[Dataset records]
--------------------------------
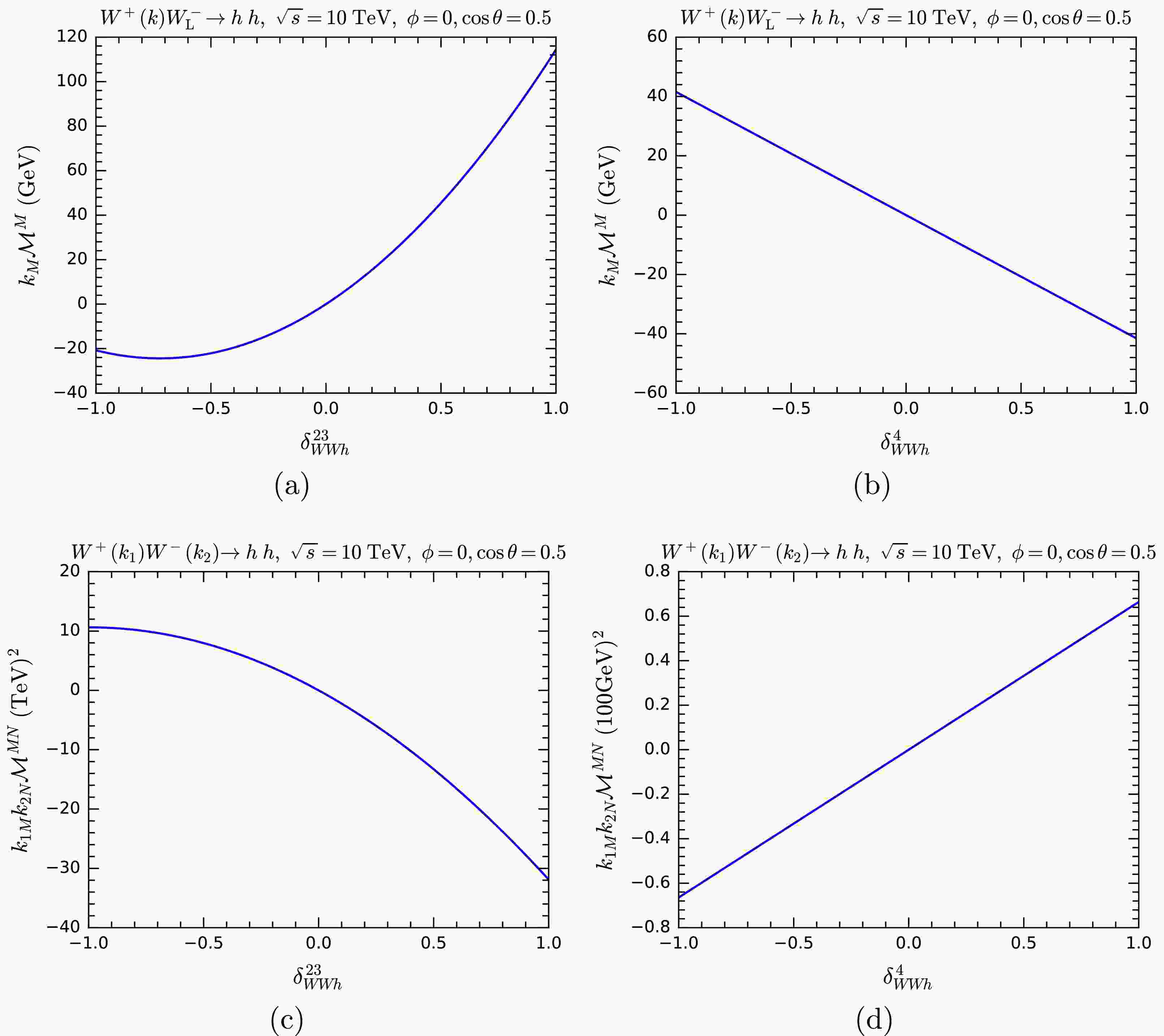 $ WW\rightarrow hh $ , we separately modify the couplings of the$ hhh $ ,$ WWh $ , and$ WWhh $ vertices, and compute$ k_M{\cal{M}}^M $ . The results are shown in Fig. 14.Figure 14. (color online)
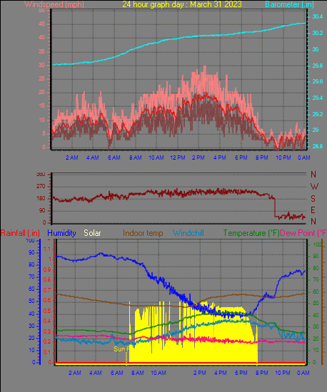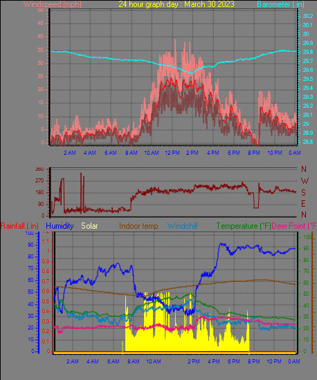 Maximum windspeed = 28.8 mph from 173°( S ) on day 30 at time 12:21
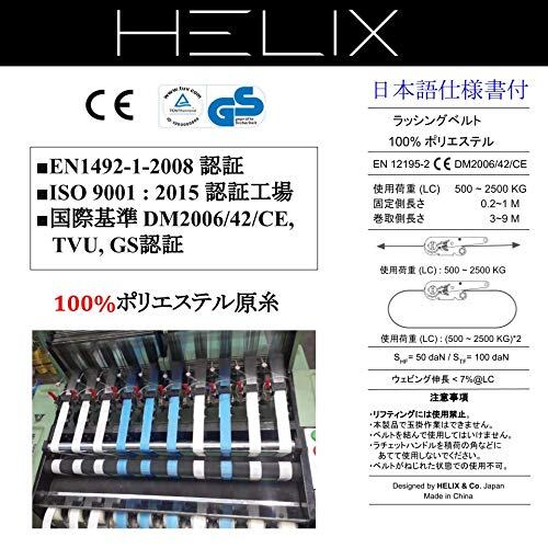 【新着商品】HELIX ラッシングベルト ラチェット式 ベルト幅 35mm ベルト長さ 6m 破断荷重1500kg エンドレス タイプ【2本セット】
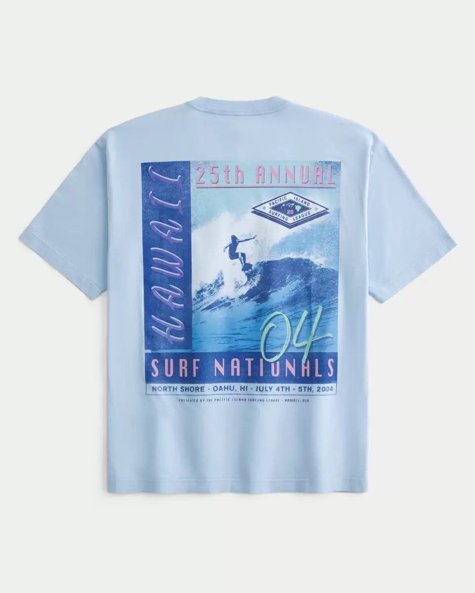 T-shirt 100 % coton ultra doux, orné d’un imprimé Hawaii Surf Nationals sur la poitrine gauche et dans le dos. Encolure ras du cou, manches courtes. Coupe ample. Importé.
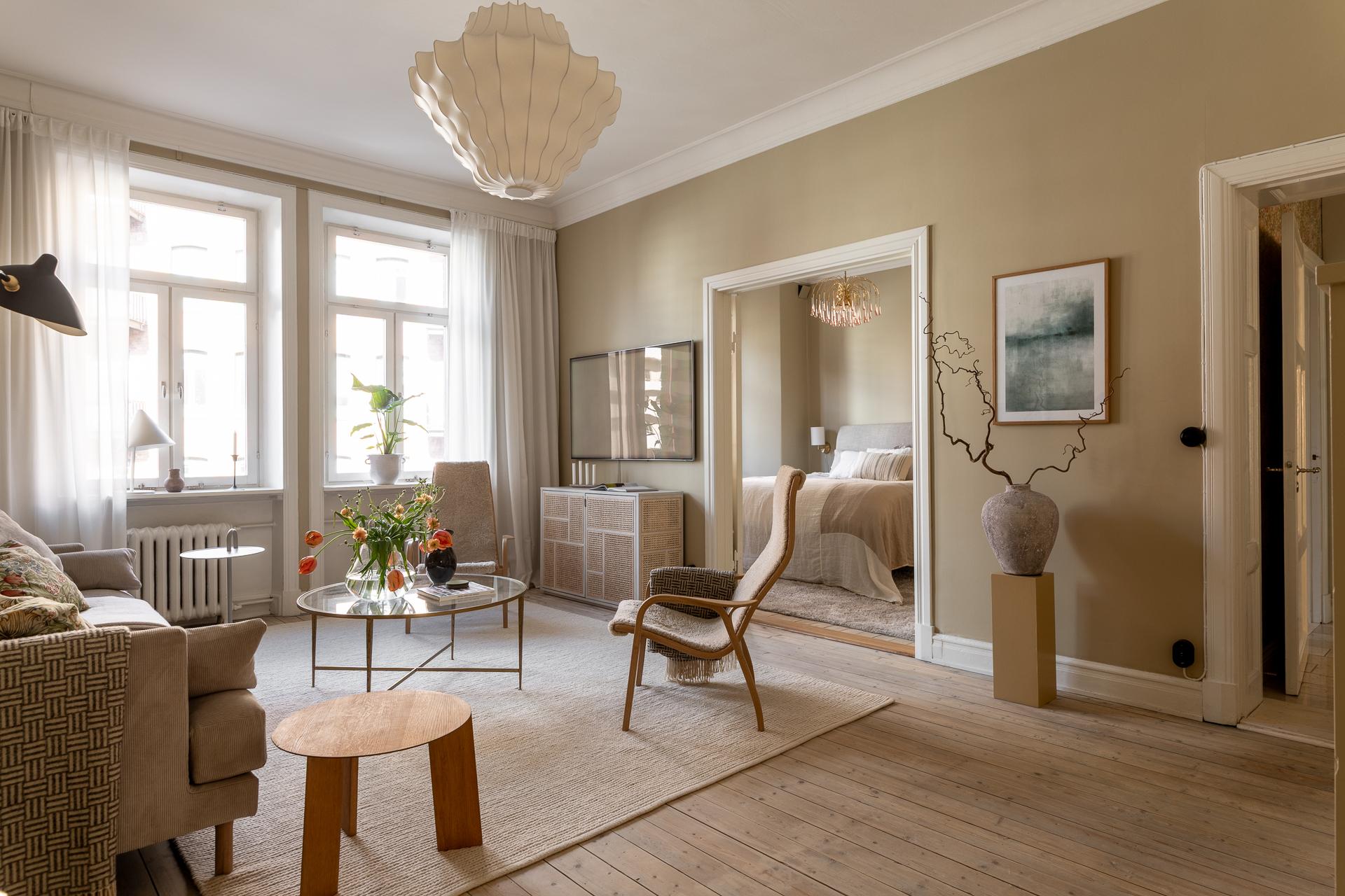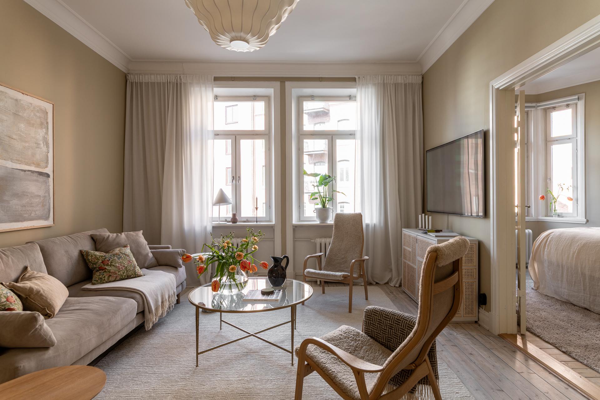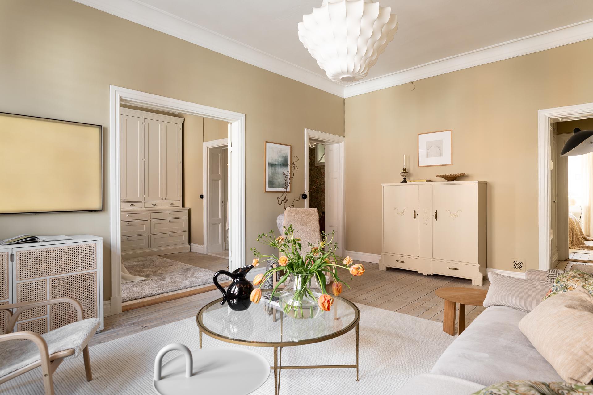 I vacker tegelbyggnad anno 1909 finner ni denna drömlika trerummare på bästa adress. Nationalromantiken är ständigt närvarande med bevarade originaldetaljer såsom stuckaturer, takrosetter, gjutjärnsradiatorer, spegeldörrar och fina listverk samt en imponerande takhöjd om 315 centimeter. Perfekt planlösning med stora rum i fil och ett burspråk mot Kungsgatan. Skicket är oantastligt med det platsbyggda köket som kronan på verket. Balkong i soligt söderläge + gemensam takterrass med slående utsikt. Här bor ni i en av Kungshöjds bästa föreningar med en blygsam avgift om endast 3529 kr. Kan livet i stan bli bättre än såhär? Förmodligen inte - välkomna att känna efter själva på visning!
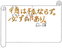 孔子の言葉で、「徳を身につけた人は孤立しない。きっと新しい友達ができる」という意味です。「徳」って難しい言葉ですよね。徳を身につけた人とは、たとえば、思いやりの気持ちのある人、たとえば、信念を持って誠実に生きる人のことだそうです。
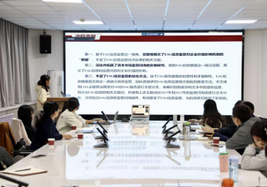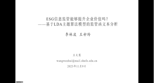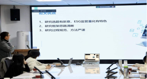 在论文汇报及点评环节,6776永利集团硕士研究生王妙玲汇报了自己的论文,题目为《ESG信息监管能够提升企业价值吗?——基于LDA主题算法模型的监管函文本分析》。
--------------------------------
» **WHAT IS BEING ASKED**
All of the data above is to be repeated exactly, with the pictures left out.

» **ANSWER TO THIS TASK**
 $ WW\rightarrow hh $ , we separately modify the couplings of the$ hhh $ ,$ WWh $ , and$ WWhh $ vertices, and compute$ k_M{\cal{M}}^M $ . The results are shown in Fig. 14.Figure 14. (color online)
 Maximum windspeed = 28.8 mph from 173°( S ) on day 30 at time 12:21
 【新着商品】HELIX ラッシングベルト ラチェット式 ベルト幅 35mm ベルト長さ 6m 破断荷重1500kg エンドレス タイプ【2本セット】
 T-shirt 100 % coton ultra doux, orné d’un imprimé Hawaii Surf Nationals sur la poitrine gauche et dans le dos. Encolure ras du cou, manches courtes. Coupe ample. Importé.
 I vacker tegelbyggnad anno 1909 finner ni denna drömlika trerummare på bästa adress. Nationalromantiken är ständigt närvarande med bevarade originaldetaljer såsom stuckaturer, takrosetter, gjutjärnsradiatorer, spegeldörrar och fina listverk samt en imponerande takhöjd om 315 centimeter. Perfekt planlösning med stora rum i fil och ett burspråk mot Kungsgatan. Skicket är oantastligt med det platsbyggda köket som kronan på verket. Balkong i soligt söderläge + gemensam takterrass med slående utsikt. Här bor ni i en av Kungshöjds bästa föreningar med en blygsam avgift om endast 3529 kr. Kan livet i stan bli bättre än såhär? Förmodligen inte - välkomna att känna efter själva på visning!
 孔子の言葉で、「徳を身につけた人は孤立しない。きっと新しい友達ができる」という意味です。「徳」って難しい言葉ですよね。徳を身につけた人とは、たとえば、思いやりの気持ちのある人、たとえば、信念を持って誠実に生きる人のことだそうです。
 在论文汇报及点评环节,6776永利集团硕士研究生王妙玲汇报了自己的论文,题目为《ESG信息监管能够提升企业价值吗?——基于LDA主题算法模型的监管函文本分析》。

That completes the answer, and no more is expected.